In September 2023, Mizuho Americas won a lead role as underwriter for British multinational semiconductor and software design company Arm Holdings initial public offering (IPO). The IPO was the biggest of 2023, and the largest offering in the technology field since Alibaba Group in 2014.

MSUSA’s Fixed Income Division client relationship list includes central banks, banks, municipalities, hedge funds, asset managers and insurance corporations. MSUSA’s fixed income products include: US Treasuries, corporate bonds, Debt Capital Markets, US Agency Securities, Securities Financing, Strategic Credit Group, mortgage- and asset-backed securities, Japanese Government Bonds, Yen Fixed Income, Emerging Markets MSUSA’s Futures Division provides futures clearing and execution services across a spectrum of institutional clients. MSUSA provides market coverage through Electronic Execution Services, Clearing Services and Voice Execution Services.

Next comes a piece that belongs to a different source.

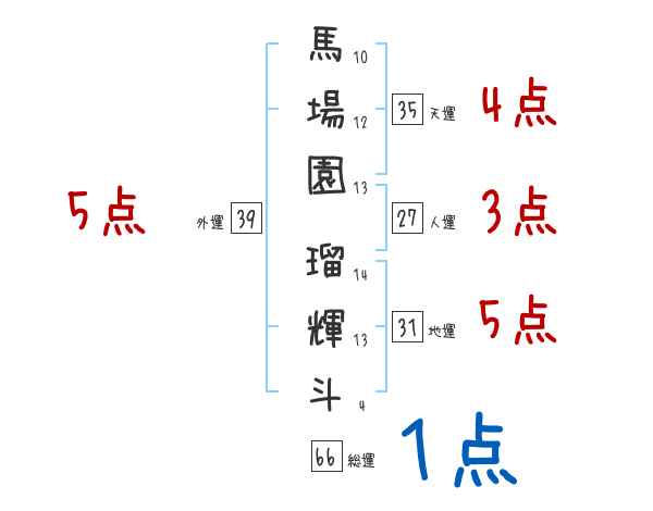 馬場園瑠輝斗さんの画数の鑑定結果
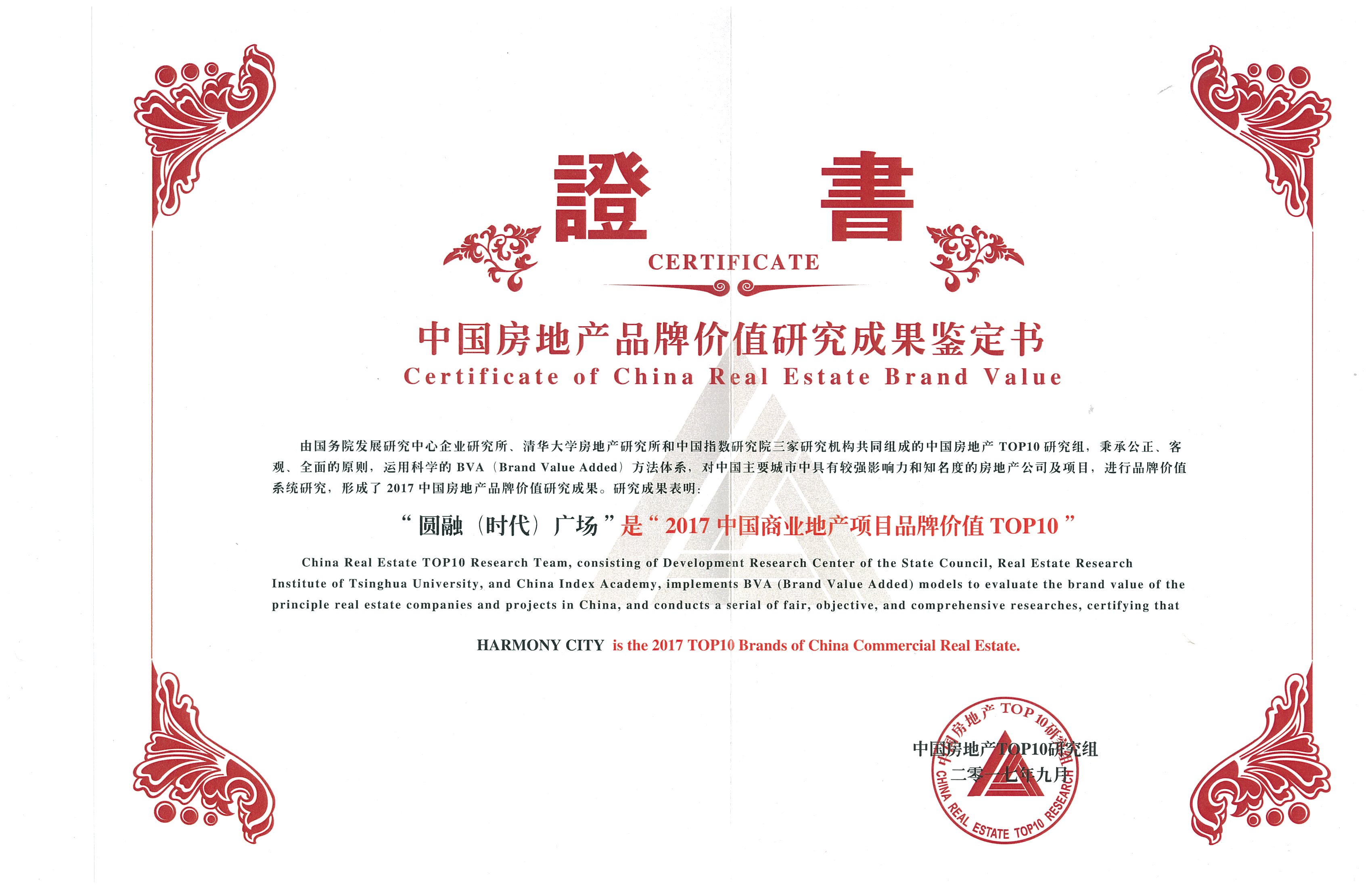 圓融時(shí)代廣場(chǎng)獲評“2017中國商業(yè)地產(chǎn)項目品牌價(jià)值TOP10”

Mizuho Bank USA provides banking and financial services, largely focusing on deposits, loans, real estate finance, asset securitization, and project financing services. Mizuho Trust & Banking Co. (USA) provides custody, master custody, and securities lending services. The Company offers a range of custody services primarily for the U.S. securities investment, including securities settlement and safekeeping, collection and remittance of dividend income, corporate actions, cash management, proxy notification and voting, and reporting.

==People==
Shuji Matsuura is the company’s chairman and CEO and the president and CEO of Mizuho Securities USA and Head of CIB is Jerry Rizzieri. Michal Katz is the head of investment and corporate banking, Thomas Hartnett is the head of fixed-income sales and trading, and Darlene Pasquill is the head of the equity division.

==Acquisitions==
In February 2015, it agreed to buy Royal Bank of Scotland’s (RBS) U.S. and Canadian $36.5 billion corporate loan portfolio, increasing the size of its U.S. corporate loan book by 50 percent, and in April 2015 hired approximately 200 RBS employees across fixed income, debt capital markets, debt syndicate, leveraged finance, loans, and derivatives. In 2021, Mizuho acquired Dallas-based private equity placement agent Capstone Partners. In January 2023, Mizuho acquired a significant portion of Credit Suisse’s agency securitized-products trading business. In 2023, Mizuho announced a definitive agreement for Mizuho to acquire Greenhill in an all-cash transaction at $15 per share, reflecting an enterprise value of approximately $550 million, including assumed debt.

==Culture==
In 2020, Mizuho Americas was active bookrunner on Mizuho Financial Group’s $2.5 billion diversity and inclusion bond issue, reportedly a first for a Japanese bank. Mizuho Americas is title sponsor of the Mizuho Americas Open, the first LPGA Tour tournament at Liberty National Golf Course in Jersey City, NJ. The inaugural tournament took place from May 29-June 4, 2023, with Michelle Wie West as Tournament Host. The event has a purse of $3 million, a 120-player field, and an AJGA Invitational component for 24 junior golfers. In 2023, Mizuho started a $500,000 partnership with nonprofit Girls Inc.